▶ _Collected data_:
%%

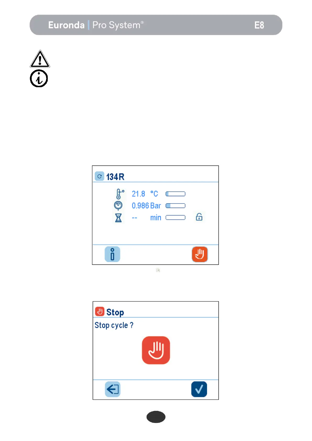 At the bottom, the hand icon for manually stopping the cycle and the “i” icon for accessing the menus giving
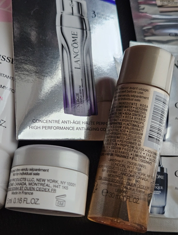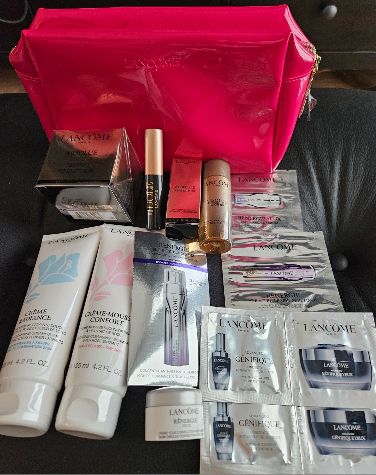 A collection of Lancôme beauty products, including: - Absolue Crème Fondante Soft Cream (15ml) - Absolue The Serum (5ml) - Absolue Rose 80 (30ml) - Rénergie H.C.F. Triple Serum - 4 days trial in total - Rénergie Triple Serum - Advanced Génifique Youth Activating Concentrate - Rénergie dark circle eye cream (5ml) - Crème Radiance (125ml) - Crème-Mousse Confort (125ml) - Idôle Mascara - Red waterproof cosmetic case Pick up only @ McMahon drive near North York Ikea
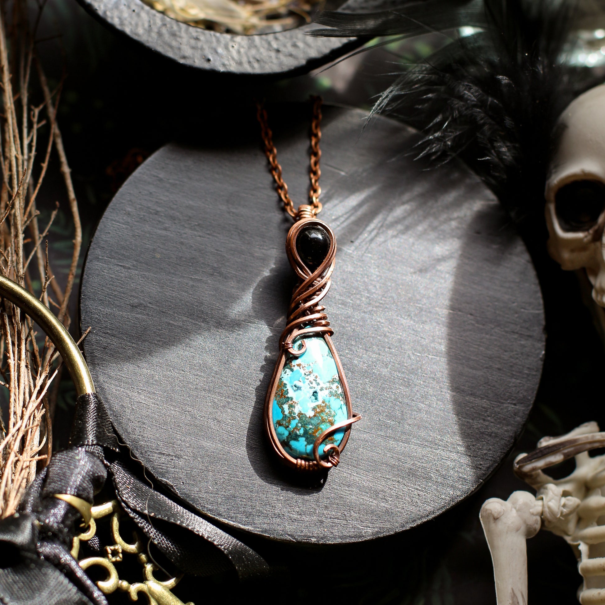 Magnesite Turquoise & Obsidian Necklace (Aged Copper)
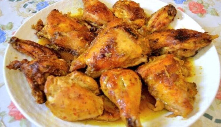 المقادير دجاجة وربع ربع كأس زيت زيتون و زيت نباتي نص حبة فلفل حلو أحمر بقدونس و كزبرة مقطعين ربع حبة حامض مصبر ثوم و عصير نصف ليمونة ملعقة ص مركز الطماطم فلفل حار وزنجبيل فلفل أحمر حلو وفلفل أسود رشة قرفة وخلطة توابل السمك ملح و ورقة غار مقادير البطاطس بطاطس جبن وخبز محمص بودرة الثوم وأعشاب منسمة فلفل حار وفلفل أحمر حلو زيت زيتون و ملح فلفل أسود ملعقة ك زبدة.
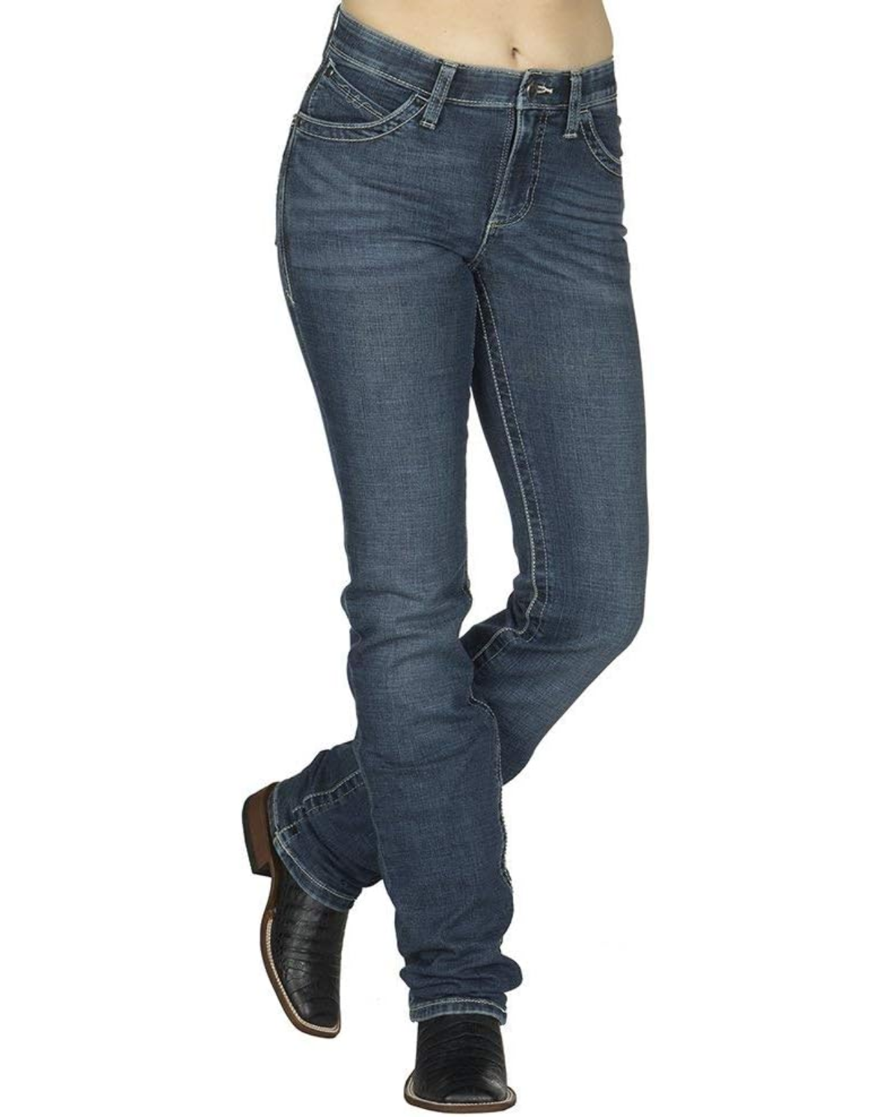 - PERFORMANCE FIT. This mid rise jean sits above the hip — designed with a no-gap waistband with a higher back and a lower front for full coverage and comfort while riding. This jean is fitted through the seat and thigh and built to fit over your favorite pair of boots.

%%

▶ _Try it_:
Above are some records. Output exactly the lines from the one that contains "A collection of" to the one that contains "Magnesite Turquoise &", keeping both, and omit the pictures.

▶ _Response to this exercise_:
 A collection of Lancôme beauty products, including: - Absolue Crème Fondante Soft Cream (15ml) - Absolue The Serum (5ml) - Absolue Rose 80 (30ml) - Rénergie H.C.F. Triple Serum - 4 days trial in total - Rénergie Triple Serum - Advanced Génifique Youth Activating Concentrate - Rénergie dark circle eye cream (5ml) - Crème Radiance (125ml) - Crème-Mousse Confort (125ml) - Idôle Mascara - Red waterproof cosmetic case Pick up only @ McMahon drive near North York Ikea
 Magnesite Turquoise & Obsidian Necklace (Aged Copper)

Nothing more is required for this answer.